Retype each entry exactly. Skip any pictures.

■ Excerpted records:
___

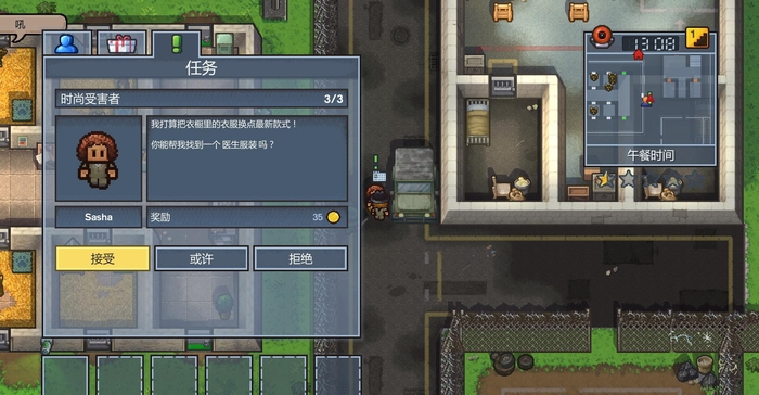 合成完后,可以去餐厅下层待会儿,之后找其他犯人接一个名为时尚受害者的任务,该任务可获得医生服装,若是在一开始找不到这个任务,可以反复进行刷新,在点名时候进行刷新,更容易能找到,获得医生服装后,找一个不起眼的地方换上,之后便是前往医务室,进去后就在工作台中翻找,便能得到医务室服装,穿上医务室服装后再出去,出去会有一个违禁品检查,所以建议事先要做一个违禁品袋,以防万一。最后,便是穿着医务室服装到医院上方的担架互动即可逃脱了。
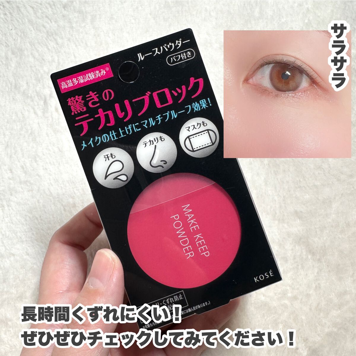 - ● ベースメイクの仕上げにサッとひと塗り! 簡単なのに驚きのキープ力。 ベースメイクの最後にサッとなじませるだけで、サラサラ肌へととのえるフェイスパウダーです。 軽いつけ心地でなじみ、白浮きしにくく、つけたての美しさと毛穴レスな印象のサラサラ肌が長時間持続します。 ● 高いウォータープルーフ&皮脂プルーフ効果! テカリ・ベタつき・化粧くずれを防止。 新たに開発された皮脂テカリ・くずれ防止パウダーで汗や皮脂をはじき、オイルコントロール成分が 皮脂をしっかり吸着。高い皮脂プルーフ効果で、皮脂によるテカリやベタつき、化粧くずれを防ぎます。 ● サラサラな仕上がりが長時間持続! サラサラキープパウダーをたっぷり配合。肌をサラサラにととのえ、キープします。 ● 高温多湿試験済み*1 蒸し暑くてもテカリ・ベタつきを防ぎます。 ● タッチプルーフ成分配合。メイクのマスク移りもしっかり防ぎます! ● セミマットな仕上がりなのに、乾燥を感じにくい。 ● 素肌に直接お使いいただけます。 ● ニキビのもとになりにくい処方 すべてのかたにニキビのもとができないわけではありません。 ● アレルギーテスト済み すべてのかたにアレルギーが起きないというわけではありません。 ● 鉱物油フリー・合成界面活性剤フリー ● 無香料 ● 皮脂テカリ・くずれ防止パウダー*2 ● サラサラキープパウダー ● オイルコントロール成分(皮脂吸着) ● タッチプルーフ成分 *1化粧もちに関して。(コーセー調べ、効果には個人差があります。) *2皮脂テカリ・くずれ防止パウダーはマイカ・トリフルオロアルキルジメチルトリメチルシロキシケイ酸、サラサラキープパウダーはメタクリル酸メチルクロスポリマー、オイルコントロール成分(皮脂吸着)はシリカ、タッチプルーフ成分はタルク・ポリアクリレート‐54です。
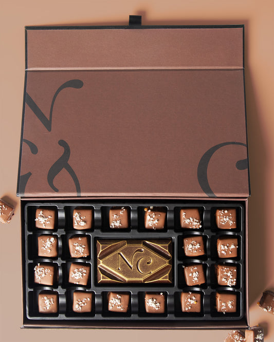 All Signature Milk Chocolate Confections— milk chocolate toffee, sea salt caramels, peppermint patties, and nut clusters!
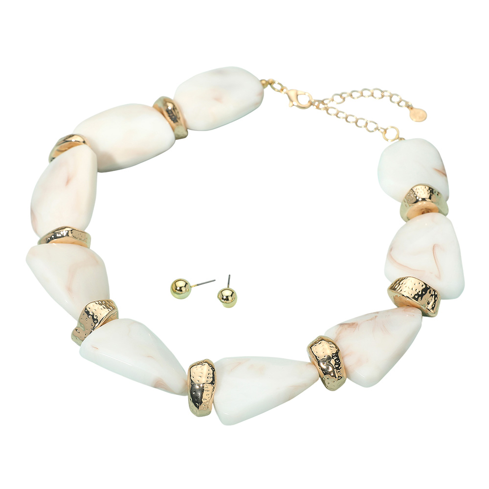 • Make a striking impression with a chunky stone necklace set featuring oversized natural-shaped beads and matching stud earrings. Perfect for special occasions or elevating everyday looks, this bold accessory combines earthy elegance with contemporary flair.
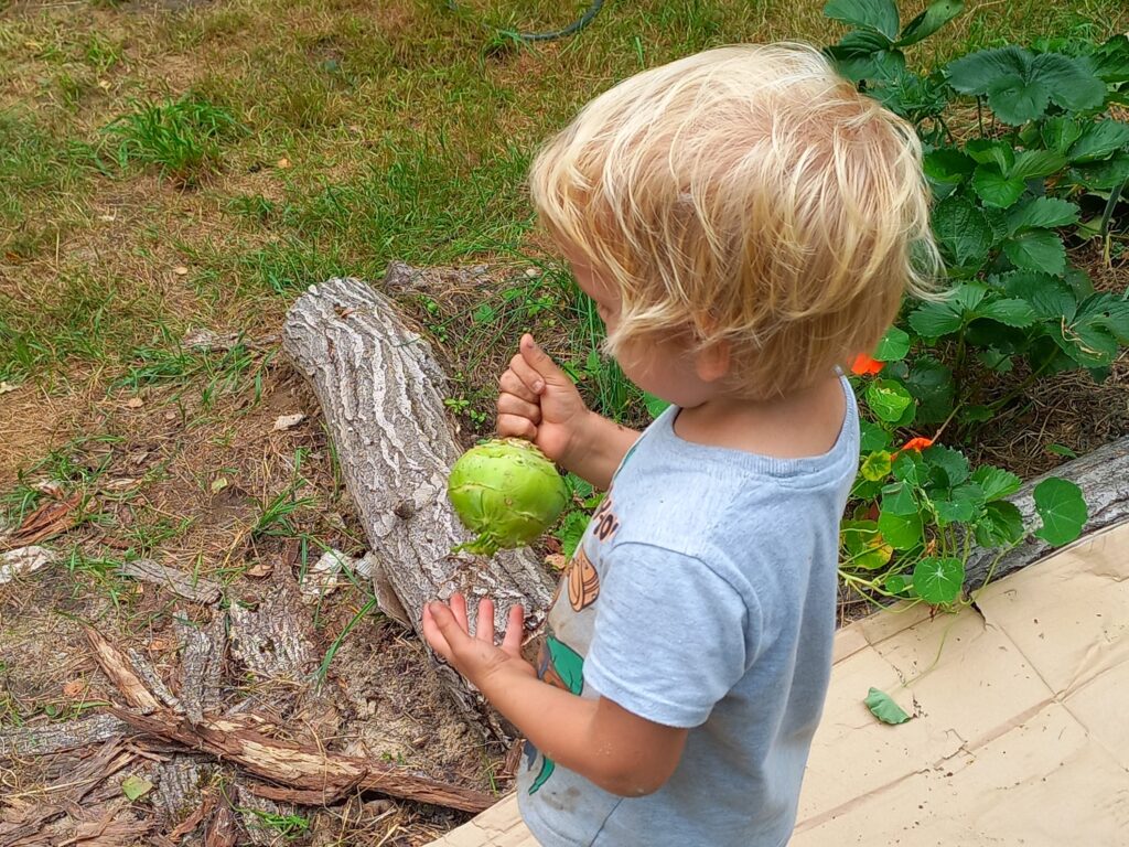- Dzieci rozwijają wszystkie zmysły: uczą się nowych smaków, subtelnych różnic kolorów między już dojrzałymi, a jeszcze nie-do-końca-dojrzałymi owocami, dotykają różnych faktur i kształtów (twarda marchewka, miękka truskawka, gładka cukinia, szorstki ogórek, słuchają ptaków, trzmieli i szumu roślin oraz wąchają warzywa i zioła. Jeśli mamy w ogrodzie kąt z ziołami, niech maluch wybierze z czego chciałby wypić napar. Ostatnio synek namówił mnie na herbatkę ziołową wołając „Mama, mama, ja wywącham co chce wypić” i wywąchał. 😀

___

■ Completed exercise:
 合成完后,可以去餐厅下层待会儿,之后找其他犯人接一个名为时尚受害者的任务,该任务可获得医生服装,若是在一开始找不到这个任务,可以反复进行刷新,在点名时候进行刷新,更容易能找到,获得医生服装后,找一个不起眼的地方换上,之后便是前往医务室,进去后就在工作台中翻找,便能得到医务室服装,穿上医务室服装后再出去,出去会有一个违禁品检查,所以建议事先要做一个违禁品袋,以防万一。最后,便是穿着医务室服装到医院上方的担架互动即可逃脱了。
 - ● ベースメイクの仕上げにサッとひと塗り! 簡単なのに驚きのキープ力。 ベースメイクの最後にサッとなじませるだけで、サラサラ肌へととのえるフェイスパウダーです。 軽いつけ心地でなじみ、白浮きしにくく、つけたての美しさと毛穴レスな印象のサラサラ肌が長時間持続します。 ● 高いウォータープルーフ&皮脂プルーフ効果! テカリ・ベタつき・化粧くずれを防止。 新たに開発された皮脂テカリ・くずれ防止パウダーで汗や皮脂をはじき、オイルコントロール成分が 皮脂をしっかり吸着。高い皮脂プルーフ効果で、皮脂によるテカリやベタつき、化粧くずれを防ぎます。 ● サラサラな仕上がりが長時間持続! サラサラキープパウダーをたっぷり配合。肌をサラサラにととのえ、キープします。 ● 高温多湿試験済み*1 蒸し暑くてもテカリ・ベタつきを防ぎます。 ● タッチプルーフ成分配合。メイクのマスク移りもしっかり防ぎます! ● セミマットな仕上がりなのに、乾燥を感じにくい。 ● 素肌に直接お使いいただけます。 ● ニキビのもとになりにくい処方 すべてのかたにニキビのもとができないわけではありません。 ● アレルギーテスト済み すべてのかたにアレルギーが起きないというわけではありません。 ● 鉱物油フリー・合成界面活性剤フリー ● 無香料 ● 皮脂テカリ・くずれ防止パウダー*2 ● サラサラキープパウダー ● オイルコントロール成分(皮脂吸着) ● タッチプルーフ成分 *1化粧もちに関して。(コーセー調べ、効果には個人差があります。) *2皮脂テカリ・くずれ防止パウダーはマイカ・トリフルオロアルキルジメチルトリメチルシロキシケイ酸、サラサラキープパウダーはメタクリル酸メチルクロスポリマー、オイルコントロール成分(皮脂吸着)はシリカ、タッチプルーフ成分はタルク・ポリアクリレート‐54です。
 All Signature Milk Chocolate Confections— milk chocolate toffee, sea salt caramels, peppermint patties, and nut clusters!
 • Make a striking impression with a chunky stone necklace set featuring oversized natural-shaped beads and matching stud earrings. Perfect for special occasions or elevating everyday looks, this bold accessory combines earthy elegance with contemporary flair.
- Dzieci rozwijają wszystkie zmysły: uczą się nowych smaków, subtelnych różnic kolorów między już dojrzałymi, a jeszcze nie-do-końca-dojrzałymi owocami, dotykają różnych faktur i kształtów (twarda marchewka, miękka truskawka, gładka cukinia, szorstki ogórek, słuchają ptaków, trzmieli i szumu roślin oraz wąchają warzywa i zioła. Jeśli mamy w ogrodzie kąt z ziołami, niech maluch wybierze z czego chciałby wypić napar. Ostatnio synek namówił mnie na herbatkę ziołową wołając „Mama, mama, ja wywącham co chce wypić” i wywąchał. 😀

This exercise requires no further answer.